Алый расхохотался. Он и припомнить не мог, когда еще столько смеялся. Пока был жив Гроссмейстер? Человек холодный и жестокий, тот, как ни странно, обладал насмешливым нравом, и, хоть от шуток его многих брала оторопь, Алого они всегда смешили. Даже когда мишенью становился он сам.
«Как вспышки молний, – подумал он вдруг, – эти шутки выжигали из сердца малейшую тень страха, последнюю каплю лжи, оставляя лишь правду».
Он взглянул на Астерия. Тауран сидел, подобрав ноги на бедуинский манер, упираясь локтями в колени, и неотрывно смотрел на море. Ничем он не напоминал Гроссмейстера – ни видом, ни голосом, ни нравом. Но, кем бы ни был Астерий, зверем ли, человеком, он, как и Гроссмейстер, не боялся того, что страшило и приводило в замешательство многих других – правды.

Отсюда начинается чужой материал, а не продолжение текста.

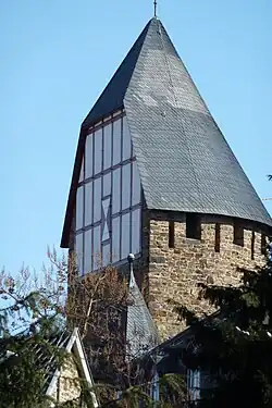 Bitzenturm: Nach innen offener fünfgeschossiger Halbschalenturm mit flachbogigen Nischen und spitzbogigen Schlitzen. Rechteckige Fenster, wobei die Geschosseinteilung durch einfache, mit Bohlen abgedeckten Holzbalken erfolgte. Balkenlöcher und Auflager sind noch deutlich erkennbar. Holzleitern führten zu den einzelnen Stockwerken.
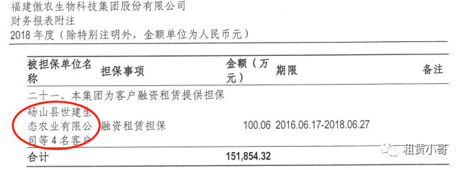 正在租赁小哥感到山穷水尽之时,似乎柳暗花明又一村了,在傲农生物的2018年度审计报告中有一小列对集团外客户做的担保的说明:
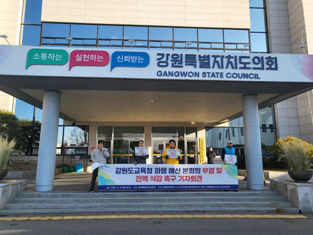 전교조 강원지부(지부장:최고봉)가 강원특별자치도교육청에 2026년도 본예산이 대거 복구된 것에 대해 강원특별자치도의회에 책임을 물으며 규탄했다.
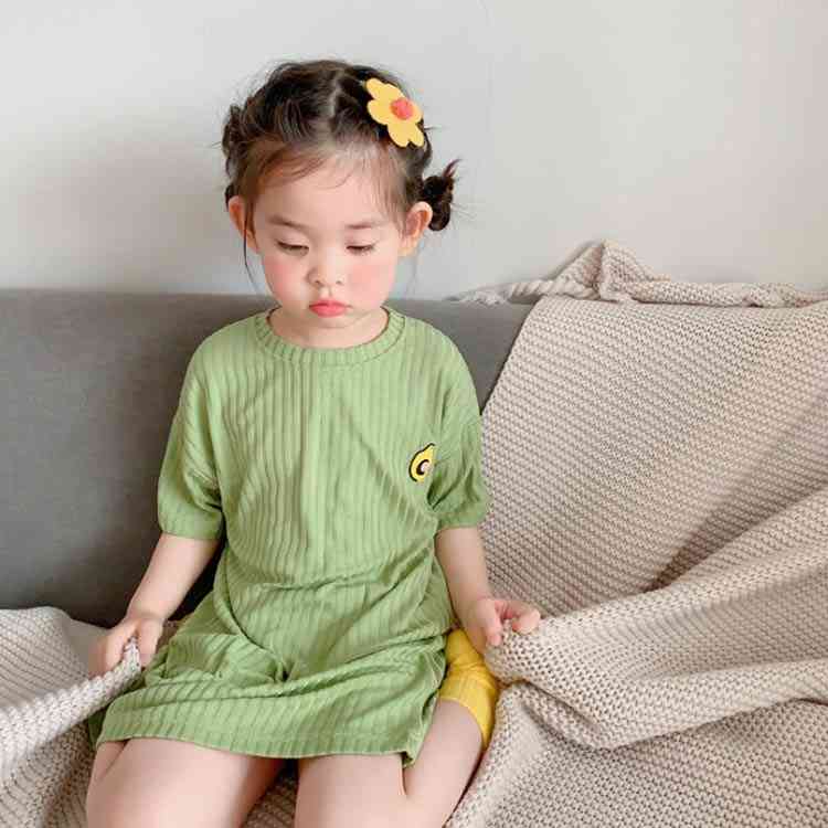 送料無料 パジャマ キッズ ワンピース 女の子 ルームウェア 子供服 部屋着 寝間着 Tシャツワンピース ガールズ クルーネック 半袖 薄手 柄 可愛い 夏着 韓国

Астерий медленно обернулся. Тяжелые полуопущенные веки придавали ему сонный вид.
– В тот день Орден сильно потрепали, и никто не прикрывал мне спину, – продолжил он. – Я же, ведомый лишь яростью, никогда не заботился о такой безделице, как собственная жизнь. Я прорвался через строй мусульман до самого их лагеря, и там схлестнулся с черной гвардией халифа. Им пришлось несладко. Кони шарахались от меня в необоримом страхе, сбрасывали и топтали своих седоков. Совсем обезумев от запаха крови, я крушил и рвал все живое. Я слышал уже победный клич кастильцев – они первыми устремились в кровавую брешь, пробитую мной…
– Да, я помню, – кивнул Алый. – За ними Гроссмейстер повел ту горстку наших, что уцелела после первой атаки. А следом ринулся со своими рыцарями юный король Арагона.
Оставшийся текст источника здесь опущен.